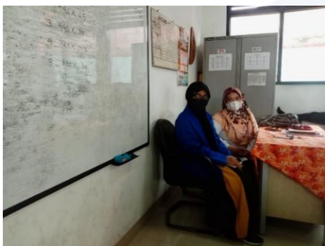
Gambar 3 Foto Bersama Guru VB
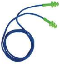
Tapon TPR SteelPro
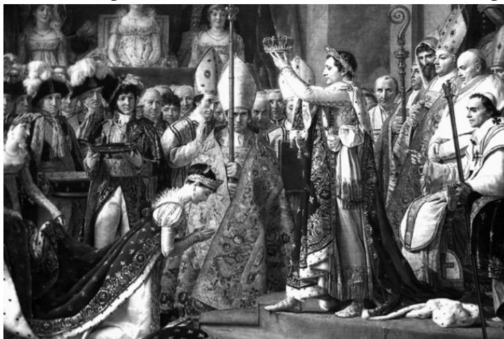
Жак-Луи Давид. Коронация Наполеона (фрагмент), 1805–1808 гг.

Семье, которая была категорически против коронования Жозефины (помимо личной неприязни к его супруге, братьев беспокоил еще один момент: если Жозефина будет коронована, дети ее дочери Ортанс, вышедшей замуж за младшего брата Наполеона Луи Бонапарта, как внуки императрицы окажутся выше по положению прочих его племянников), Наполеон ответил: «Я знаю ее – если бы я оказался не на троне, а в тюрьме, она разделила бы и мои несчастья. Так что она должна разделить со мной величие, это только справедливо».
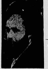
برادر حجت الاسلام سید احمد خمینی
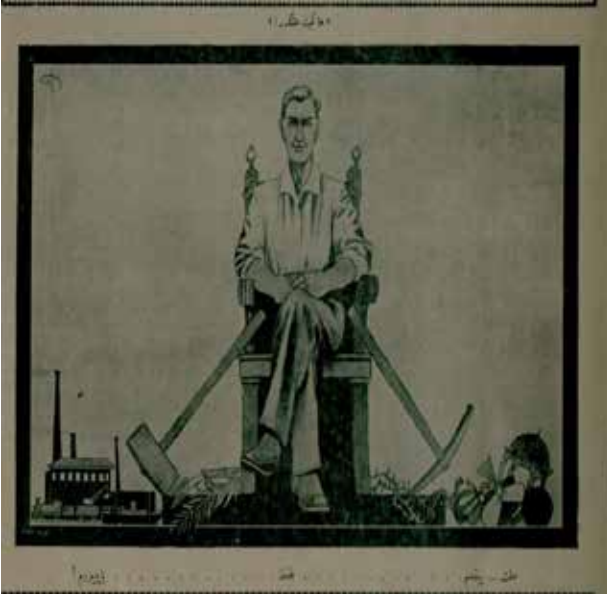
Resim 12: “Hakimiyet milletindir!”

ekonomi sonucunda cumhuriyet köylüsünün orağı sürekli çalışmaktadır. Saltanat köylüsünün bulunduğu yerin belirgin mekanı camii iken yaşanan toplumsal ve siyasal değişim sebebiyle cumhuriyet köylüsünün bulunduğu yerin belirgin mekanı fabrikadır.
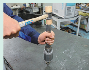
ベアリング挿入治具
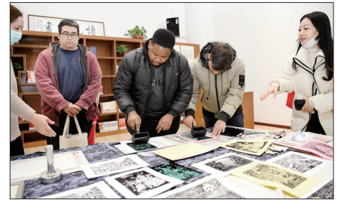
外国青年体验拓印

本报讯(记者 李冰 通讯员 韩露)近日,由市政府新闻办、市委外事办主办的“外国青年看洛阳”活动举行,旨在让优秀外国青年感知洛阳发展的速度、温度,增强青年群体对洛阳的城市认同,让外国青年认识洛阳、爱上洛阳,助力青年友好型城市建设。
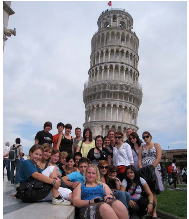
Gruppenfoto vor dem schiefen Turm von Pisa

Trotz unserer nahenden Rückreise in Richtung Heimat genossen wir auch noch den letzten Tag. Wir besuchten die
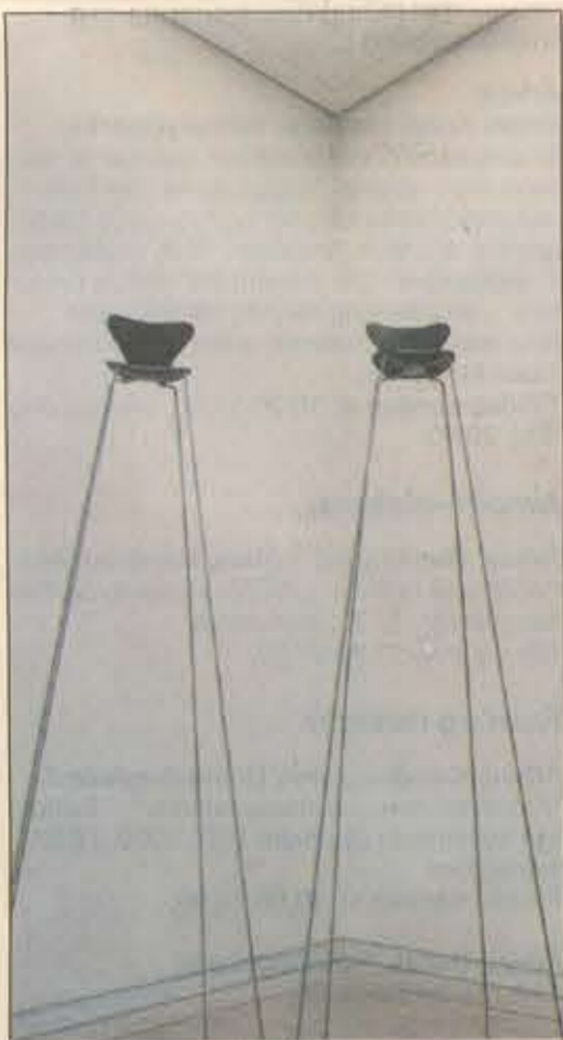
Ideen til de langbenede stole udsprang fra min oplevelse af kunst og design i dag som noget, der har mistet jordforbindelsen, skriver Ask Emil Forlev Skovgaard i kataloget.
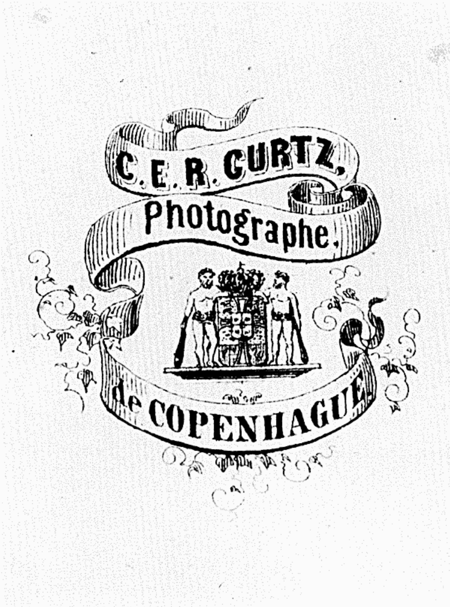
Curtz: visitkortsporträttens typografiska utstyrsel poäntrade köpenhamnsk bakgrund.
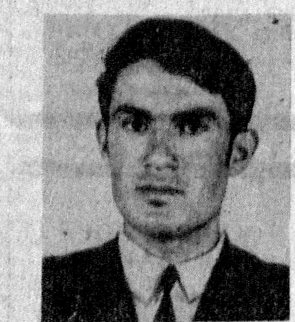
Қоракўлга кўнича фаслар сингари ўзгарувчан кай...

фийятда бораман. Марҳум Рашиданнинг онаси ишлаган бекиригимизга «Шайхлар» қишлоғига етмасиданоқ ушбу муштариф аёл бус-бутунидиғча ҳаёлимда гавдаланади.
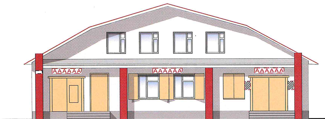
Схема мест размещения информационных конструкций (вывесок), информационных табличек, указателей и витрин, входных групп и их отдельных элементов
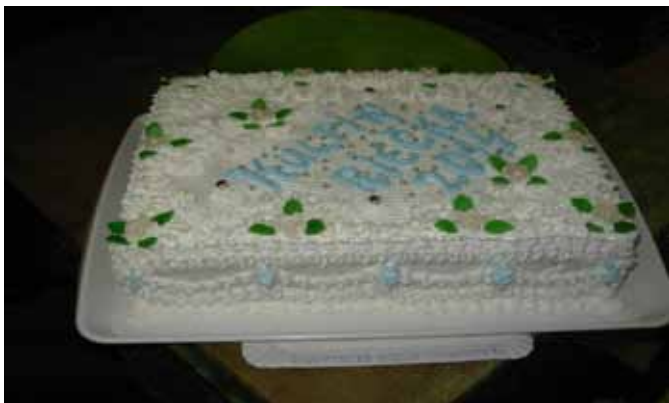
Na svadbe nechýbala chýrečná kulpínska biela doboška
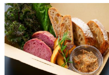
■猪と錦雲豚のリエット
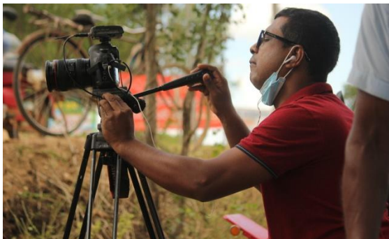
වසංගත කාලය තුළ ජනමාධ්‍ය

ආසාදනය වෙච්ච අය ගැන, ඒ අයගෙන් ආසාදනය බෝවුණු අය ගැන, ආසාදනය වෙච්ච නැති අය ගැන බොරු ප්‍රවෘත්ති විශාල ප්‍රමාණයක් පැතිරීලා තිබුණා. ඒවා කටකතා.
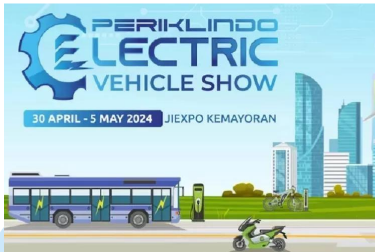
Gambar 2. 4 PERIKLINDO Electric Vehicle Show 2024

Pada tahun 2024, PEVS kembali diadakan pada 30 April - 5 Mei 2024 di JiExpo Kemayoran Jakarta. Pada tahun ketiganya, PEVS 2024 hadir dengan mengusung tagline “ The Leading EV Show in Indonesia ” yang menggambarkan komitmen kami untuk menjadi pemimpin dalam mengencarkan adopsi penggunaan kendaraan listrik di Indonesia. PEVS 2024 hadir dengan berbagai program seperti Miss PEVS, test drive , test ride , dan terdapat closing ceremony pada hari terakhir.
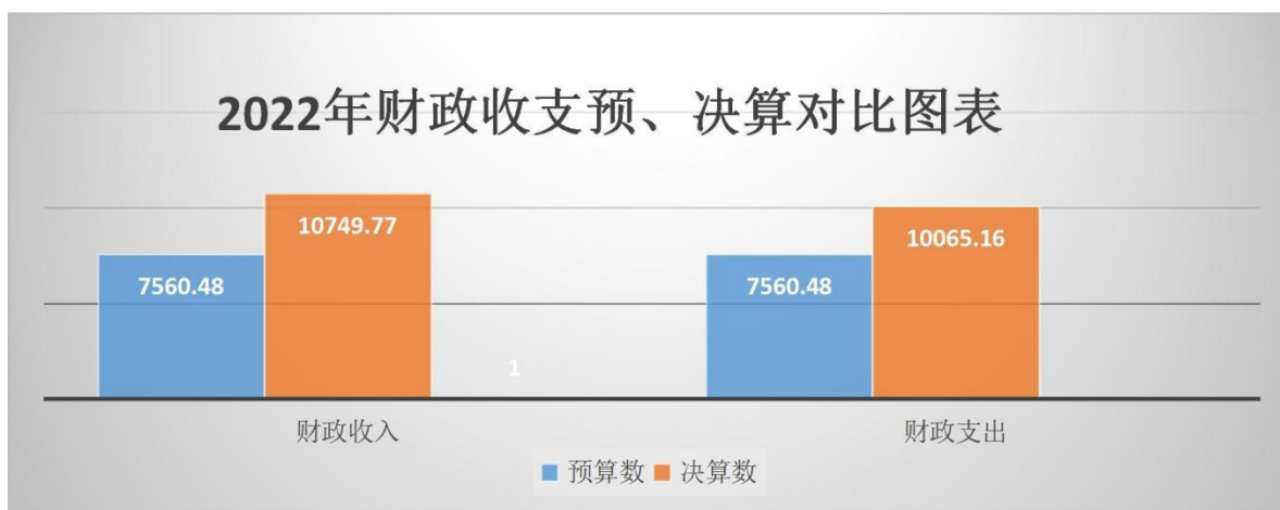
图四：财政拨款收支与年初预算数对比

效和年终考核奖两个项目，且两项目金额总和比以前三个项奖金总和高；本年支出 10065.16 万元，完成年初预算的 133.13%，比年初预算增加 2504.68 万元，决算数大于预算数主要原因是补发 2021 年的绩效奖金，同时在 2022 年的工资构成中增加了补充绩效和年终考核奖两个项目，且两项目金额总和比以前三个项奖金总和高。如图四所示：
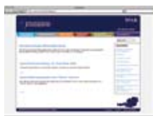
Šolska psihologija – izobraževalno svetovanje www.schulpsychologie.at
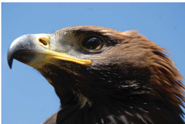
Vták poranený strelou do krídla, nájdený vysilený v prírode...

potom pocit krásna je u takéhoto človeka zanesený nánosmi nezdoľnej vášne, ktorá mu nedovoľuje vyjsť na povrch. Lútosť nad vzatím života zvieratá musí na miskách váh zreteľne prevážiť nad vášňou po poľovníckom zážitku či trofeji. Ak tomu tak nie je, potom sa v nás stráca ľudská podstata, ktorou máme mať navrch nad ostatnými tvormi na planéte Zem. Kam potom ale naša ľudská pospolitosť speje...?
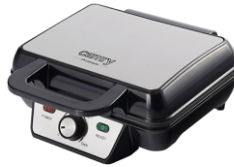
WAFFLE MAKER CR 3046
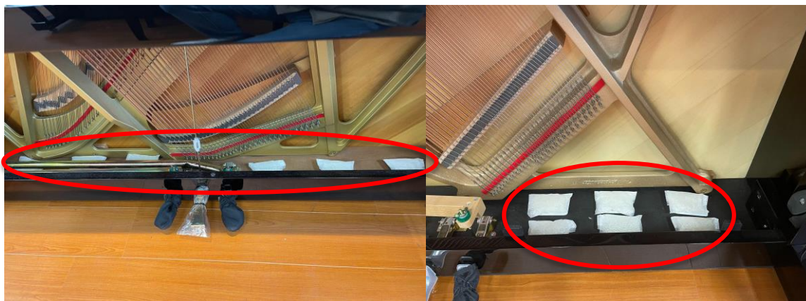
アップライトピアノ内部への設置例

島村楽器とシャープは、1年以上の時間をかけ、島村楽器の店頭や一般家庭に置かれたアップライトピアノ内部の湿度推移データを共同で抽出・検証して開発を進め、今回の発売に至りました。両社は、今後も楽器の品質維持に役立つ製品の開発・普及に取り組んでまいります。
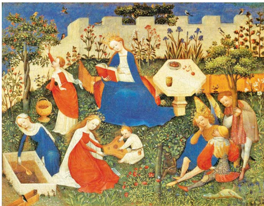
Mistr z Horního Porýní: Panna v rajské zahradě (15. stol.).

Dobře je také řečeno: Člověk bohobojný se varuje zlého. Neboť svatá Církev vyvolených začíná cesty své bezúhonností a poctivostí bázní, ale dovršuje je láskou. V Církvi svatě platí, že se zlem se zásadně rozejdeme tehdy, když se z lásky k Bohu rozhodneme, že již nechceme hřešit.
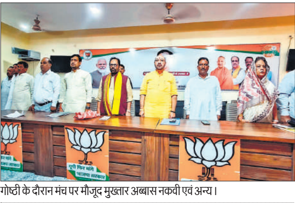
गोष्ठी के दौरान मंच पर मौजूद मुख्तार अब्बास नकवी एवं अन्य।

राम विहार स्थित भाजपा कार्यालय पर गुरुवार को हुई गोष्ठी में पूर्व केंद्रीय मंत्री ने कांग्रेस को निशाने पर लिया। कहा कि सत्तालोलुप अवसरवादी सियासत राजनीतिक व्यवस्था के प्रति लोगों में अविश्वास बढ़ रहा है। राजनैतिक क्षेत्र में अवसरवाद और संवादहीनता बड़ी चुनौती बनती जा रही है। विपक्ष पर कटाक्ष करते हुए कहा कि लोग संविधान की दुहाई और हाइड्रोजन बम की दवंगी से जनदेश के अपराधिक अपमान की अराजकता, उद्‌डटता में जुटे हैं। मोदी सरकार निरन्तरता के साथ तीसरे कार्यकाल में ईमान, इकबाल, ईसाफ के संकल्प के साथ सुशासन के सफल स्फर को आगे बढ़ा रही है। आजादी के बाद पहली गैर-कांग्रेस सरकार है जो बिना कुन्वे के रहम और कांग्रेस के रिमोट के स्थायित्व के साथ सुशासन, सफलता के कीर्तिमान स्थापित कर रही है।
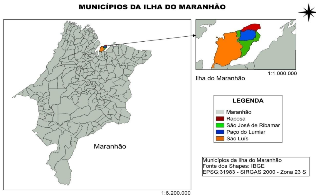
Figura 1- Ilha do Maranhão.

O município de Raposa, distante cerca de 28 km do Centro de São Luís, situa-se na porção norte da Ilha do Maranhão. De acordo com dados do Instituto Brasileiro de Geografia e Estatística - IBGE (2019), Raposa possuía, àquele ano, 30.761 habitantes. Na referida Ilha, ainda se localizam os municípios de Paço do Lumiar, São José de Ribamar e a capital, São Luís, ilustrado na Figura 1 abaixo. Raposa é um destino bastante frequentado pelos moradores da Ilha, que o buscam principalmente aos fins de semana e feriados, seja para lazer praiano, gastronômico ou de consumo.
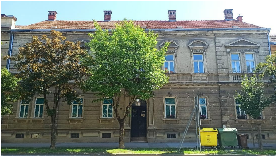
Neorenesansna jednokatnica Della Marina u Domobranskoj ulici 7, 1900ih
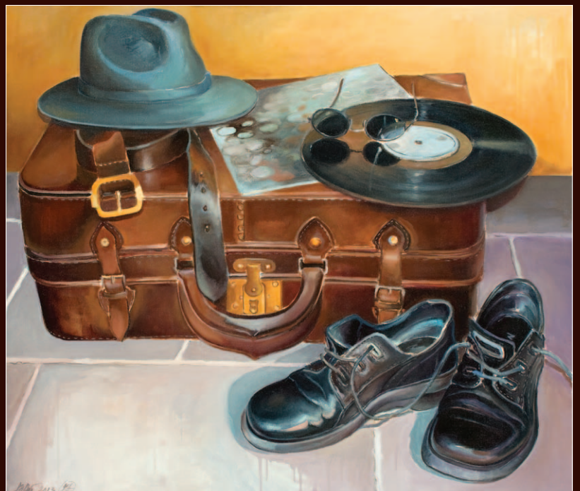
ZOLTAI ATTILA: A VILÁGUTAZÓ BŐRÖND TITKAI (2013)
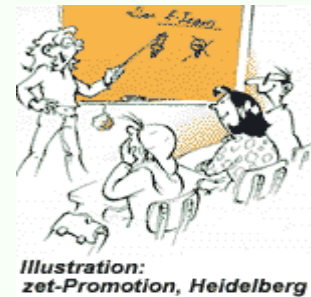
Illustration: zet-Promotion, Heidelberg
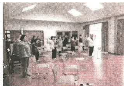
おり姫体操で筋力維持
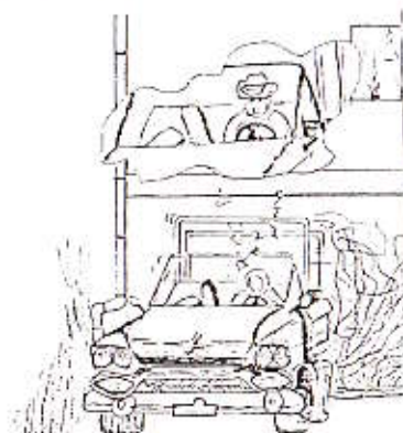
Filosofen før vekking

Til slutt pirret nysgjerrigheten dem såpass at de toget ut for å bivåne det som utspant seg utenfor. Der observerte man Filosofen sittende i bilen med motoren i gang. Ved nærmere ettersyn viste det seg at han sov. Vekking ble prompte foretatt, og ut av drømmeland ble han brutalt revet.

__Activity__: Only the lines from the one containing "Filosofen før vekking" through the final line of the material should be printed, each word for word. Both of those lines count.

__Completed task__:
Filosofen før vekking

Til slutt pirret nysgjerrigheten dem såpass at de toget ut for å bivåne det som utspant seg utenfor. Der observerte man Filosofen sittende i bilen med motoren i gang. Ved nærmere ettersyn viste det seg at han sov. Vekking ble prompte foretatt, og ut av drømmeland ble han brutalt revet.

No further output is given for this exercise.